In comments over at Another Academic Bites the Dust's place a few days ago, thedustbiter and I were discussing the emotional process of leaving academia, and how it can be difficult to remind yourself that once you leave the structured path of academia, you're looking for your next job, and not necessarily your forever job.
Here's the thing. As grad students and early faculty members or postdocs, we're (by default) being trained for a forever job. In other words, a tenure-track faculty position that is assumed will become permanent after about 6-7 years. There is really no such thing as an entry-level faculty position. Sure, an assistant professor is considered to be more entry-level than an associate professor and so on, but your responsibilities and duties will generally remain about the same throughout your academic career at that college or university.

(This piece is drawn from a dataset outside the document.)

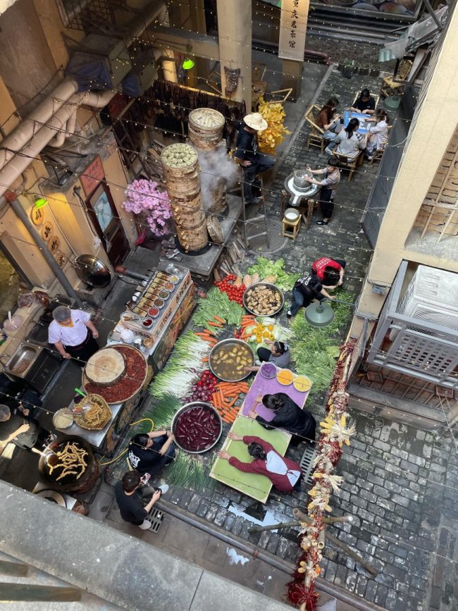 这份烟火,不仅藏在备菜间的劳作里,更藏在邻里街坊的温情中。店长刘菊时常给周边老街坊送上手工豆花、热乎花卷;店员们热心帮邻里搭把手、解难题;居民们也默默守护着这家小店,游客扎堆时主动帮忙维持秩序,彼此包容、彼此温暖,让这方小小的备菜间,不仅有火锅的鲜香,更有人情的暖意。

And sure, there is some mobility in the profession - many faculty do move from one school to another throughout their careers. But even if you switch schools, you'll still typically be a faculty member with similar teaching/research/service responsibilities. You won't be leaving one set of duties and obligations for a completely new set.
So when you leave graduate school, you are expected to immediately search for your "forever job". You may switch between university employers, but as long as you work your rear end off, you are told that you will be employed in that capacity, as a faculty member, for the rest of your career.
The outside world is going to work a little differently. You're no longer on a defined, structured job market cycle in which all of the jobs will post in the fall, everyone who gets hired to a new position moves in the summer, and all new jobs start in the following fall. Every potential job you could qualify for outside of academe will not consist of different combinations of the teaching/research/service trifecta. Every potential employer out there is not a university or college that works on the academic calendar.
So thinking in terms of your permanent "forever job" as your next step upon leaving is not the way to look at it. It'll drive you crazy, and will likely not get you anywhere. You will see a myriad of possibilities, but you're supposed to be looking for your next career??? You'll be thrown for a loop. Fairly quickly, I started to be consumed by the idea that I needed to pick a new career! Right now!!
But oh my gosh, how could I possibly choose between all of the available possibilities???
But I need to hurry and pick a new career! Time is running out! All of my friends have their faculty positions in hand! Why am I slacking???
It can be discouraging sometimes. You'll have a lot of ups and downs. It's an emotional rollercoaster to adjust not only to a completely new career trajectory, but to a completely new way of looking for jobs.
What I encourage you to do, though, is to try - however you can - to get your mind reoriented a bit. Of course, you do want to think about what career fields you'd be interested in long-term. Absolutely. For me, I am interested in either student advising (which I've never done on a formal level) or applied research in a field I have only a moderate level of experience in.
So I sincerely doubt anyone is going to hire me off the street to do either of those jobs full-time right now, especially not at the Ph.D. or even masters' level. I don't have perfectly relevant work experience, and I don't currently know anyone who works in those industries. It's going to take me a little time to make some contacts and to convince people in those fields that I can do the work.
So what I'm going to have to do - and unless you're looking for an outside job that is very similar to an academic career, what you'll likely have to do as well - is look for my next job. Not your long-term career job. Your next job. Try to keep that in mind.
The next job can take on one of two forms. It could either be something like what I'm doing right now - a completely unrelated job that just pays the bills while you figure out what you want to do next and how to break into that field.
Later on, you can either leave that job off your resume altogether or leave it on as an indicator that you - former grad student - can work in an office setting with coworkers! Buts if you take this type of "next job," you will buy yourself a little financial breathing room and possibly a slightly more manageable work schedule so that you can consider your next step. Don't discount the value of this type of job for helping you do the mental and emotional work necessary to make the leap out of academia. In addition, it could also provide you with the opportunity to gain some volunteer experience in your chosen career field if possible, which can be helpful in ultimately getting that "career job."
Alternately, your "next" job could be an entry-level job in the field you hope to work in long-term. That's what I'm hoping to find next - either a lower-level job to the fields I'm interested in above, or some part-time work in those industries that can lead to a full-time position someday.
Both of these types of "next jobs" will most likely not be at the Ph.D. or even masters' level. But that's okay. You're trying to break into a completely new industry, and you're breaking away from a field (academia) that has some very specific and rigid rules that won't directly translate into outside employment.
And taking a "next job" says nothing bad about you. You're making a big transition here, and it's normal to have to backtrack a bit. It would be surprising if you could, for example, jump immediately from a Ph.D. in history to managing an entertainment marketing firm without first proving to someone that you can handle the low-level work in that industry first. Would you hire a research assistant to take the reins on researching and writing the first draft of your latest paper if you didn't know they understood how to search for journal articles or run statistical analyses? I don't think so. Other industries are going to work the same way.
So even though it might be emotionally difficult, you need to focus on getting the next job in your life journey. If you do that, the career job will eventually come.